***** Material for the task
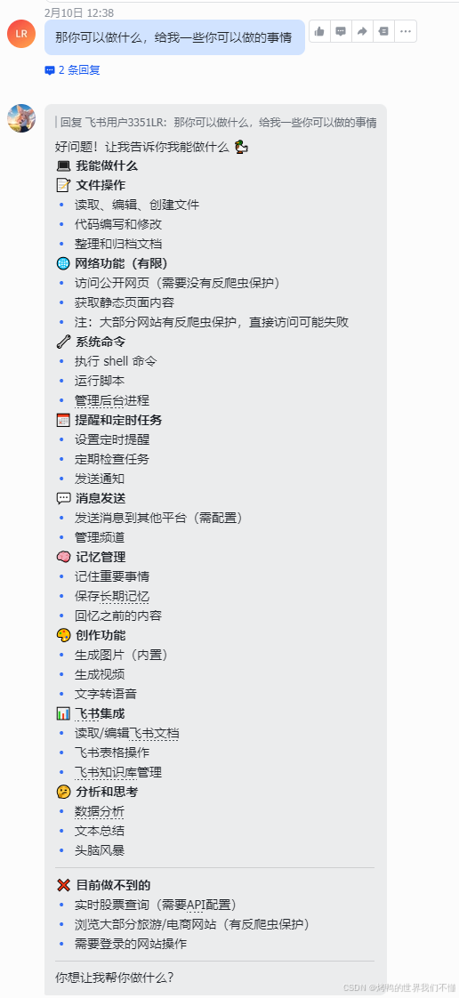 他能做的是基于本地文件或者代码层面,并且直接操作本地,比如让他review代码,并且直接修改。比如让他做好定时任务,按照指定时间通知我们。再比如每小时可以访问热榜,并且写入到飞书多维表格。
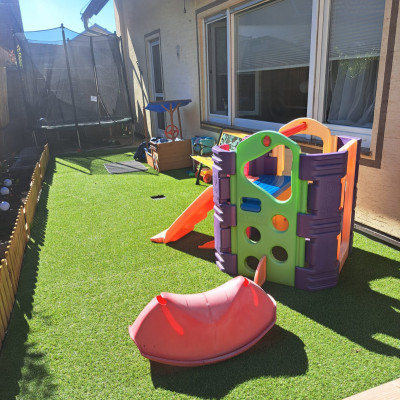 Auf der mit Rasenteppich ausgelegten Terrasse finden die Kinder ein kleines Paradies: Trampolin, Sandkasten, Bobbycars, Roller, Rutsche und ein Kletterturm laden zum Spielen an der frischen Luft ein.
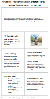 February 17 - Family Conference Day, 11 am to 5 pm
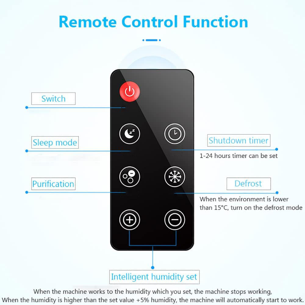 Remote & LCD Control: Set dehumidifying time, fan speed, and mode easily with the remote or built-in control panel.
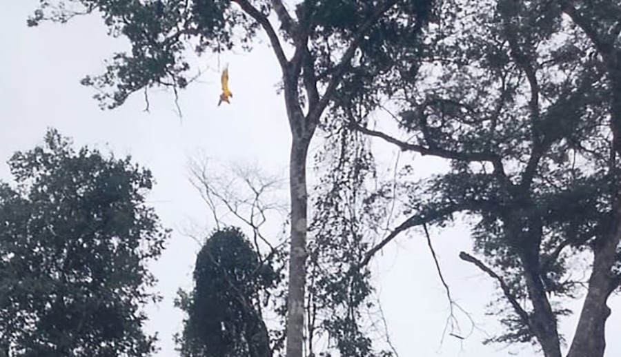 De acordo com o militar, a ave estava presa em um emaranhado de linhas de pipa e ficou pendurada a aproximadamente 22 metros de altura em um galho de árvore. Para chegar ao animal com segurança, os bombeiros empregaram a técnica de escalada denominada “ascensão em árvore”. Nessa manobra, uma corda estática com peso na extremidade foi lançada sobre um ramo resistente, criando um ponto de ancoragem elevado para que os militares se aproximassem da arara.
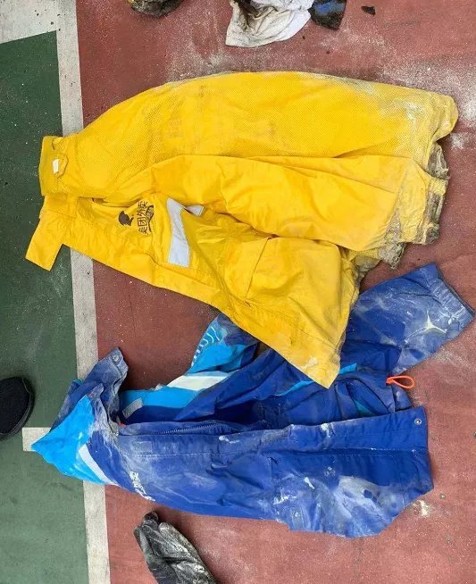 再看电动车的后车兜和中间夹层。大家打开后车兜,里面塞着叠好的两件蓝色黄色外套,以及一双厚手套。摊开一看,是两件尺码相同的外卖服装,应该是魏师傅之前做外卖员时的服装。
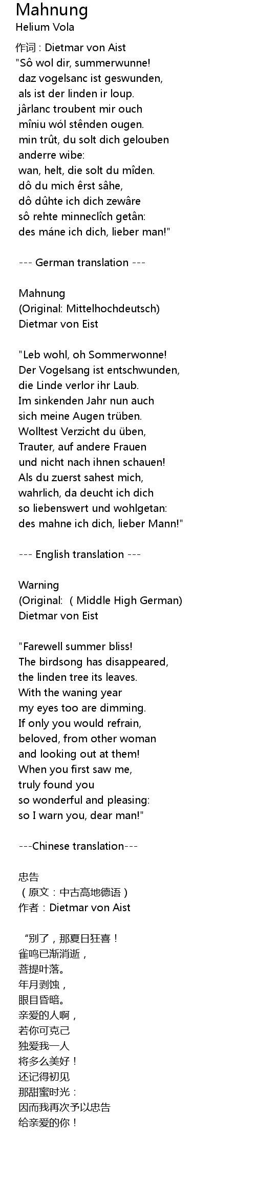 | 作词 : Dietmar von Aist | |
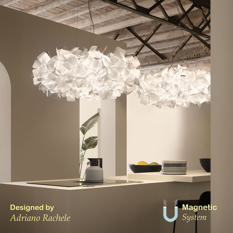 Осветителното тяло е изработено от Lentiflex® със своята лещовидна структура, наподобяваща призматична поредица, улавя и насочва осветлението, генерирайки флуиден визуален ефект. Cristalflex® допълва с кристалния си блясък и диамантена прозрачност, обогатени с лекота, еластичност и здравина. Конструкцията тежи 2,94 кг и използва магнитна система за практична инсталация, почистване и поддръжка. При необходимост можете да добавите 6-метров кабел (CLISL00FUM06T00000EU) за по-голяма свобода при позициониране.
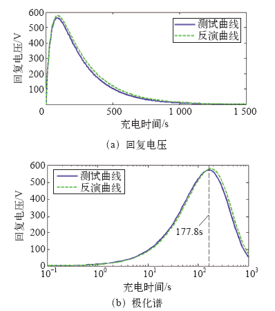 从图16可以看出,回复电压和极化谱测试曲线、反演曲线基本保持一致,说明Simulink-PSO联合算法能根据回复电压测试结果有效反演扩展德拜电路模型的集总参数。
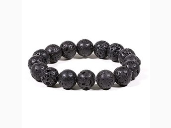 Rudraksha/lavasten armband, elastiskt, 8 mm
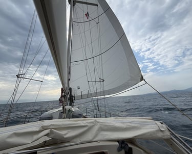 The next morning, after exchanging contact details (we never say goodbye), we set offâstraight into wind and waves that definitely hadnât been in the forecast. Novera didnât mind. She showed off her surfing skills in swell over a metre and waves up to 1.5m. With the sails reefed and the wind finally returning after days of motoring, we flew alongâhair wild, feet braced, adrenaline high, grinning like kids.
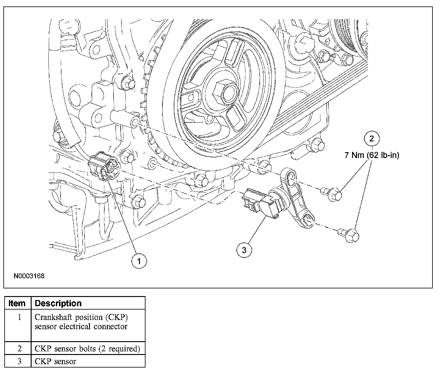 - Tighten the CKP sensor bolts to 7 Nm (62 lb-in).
**********
**Your instructions**
Type the entries again verbatim. Any pictures should be skipped.

**Solution for this problem**
 他能做的是基于本地文件或者代码层面,并且直接操作本地,比如让他review代码,并且直接修改。比如让他做好定时任务,按照指定时间通知我们。再比如每小时可以访问热榜,并且写入到飞书多维表格。
 Auf der mit Rasenteppich ausgelegten Terrasse finden die Kinder ein kleines Paradies: Trampolin, Sandkasten, Bobbycars, Roller, Rutsche und ein Kletterturm laden zum Spielen an der frischen Luft ein.
 February 17 - Family Conference Day, 11 am to 5 pm
 Remote & LCD Control: Set dehumidifying time, fan speed, and mode easily with the remote or built-in control panel.
 De acordo com o militar, a ave estava presa em um emaranhado de linhas de pipa e ficou pendurada a aproximadamente 22 metros de altura em um galho de árvore. Para chegar ao animal com segurança, os bombeiros empregaram a técnica de escalada denominada “ascensão em árvore”. Nessa manobra, uma corda estática com peso na extremidade foi lançada sobre um ramo resistente, criando um ponto de ancoragem elevado para que os militares se aproximassem da arara.
 再看电动车的后车兜和中间夹层。大家打开后车兜,里面塞着叠好的两件蓝色黄色外套,以及一双厚手套。摊开一看,是两件尺码相同的外卖服装,应该是魏师傅之前做外卖员时的服装。
 | 作词 : Dietmar von Aist | |
 Осветителното тяло е изработено от Lentiflex® със своята лещовидна структура, наподобяваща призматична поредица, улавя и насочва осветлението, генерирайки флуиден визуален ефект. Cristalflex® допълва с кристалния си блясък и диамантена прозрачност, обогатени с лекота, еластичност и здравина. Конструкцията тежи 2,94 кг и използва магнитна система за практична инсталация, почистване и поддръжка. При необходимост можете да добавите 6-метров кабел (CLISL00FUM06T00000EU) за по-голяма свобода при позициониране.
 从图16可以看出,回复电压和极化谱测试曲线、反演曲线基本保持一致,说明Simulink-PSO联合算法能根据回复电压测试结果有效反演扩展德拜电路模型的集总参数。
 Rudraksha/lavasten armband, elastiskt, 8 mm
 The next morning, after exchanging contact details (we never say goodbye), we set offâstraight into wind and waves that definitely hadnât been in the forecast. Novera didnât mind. She showed off her surfing skills in swell over a metre and waves up to 1.5m. With the sails reefed and the wind finally returning after days of motoring, we flew alongâhair wild, feet braced, adrenaline high, grinning like kids.
 - Tighten the CKP sensor bolts to 7 Nm (62 lb-in).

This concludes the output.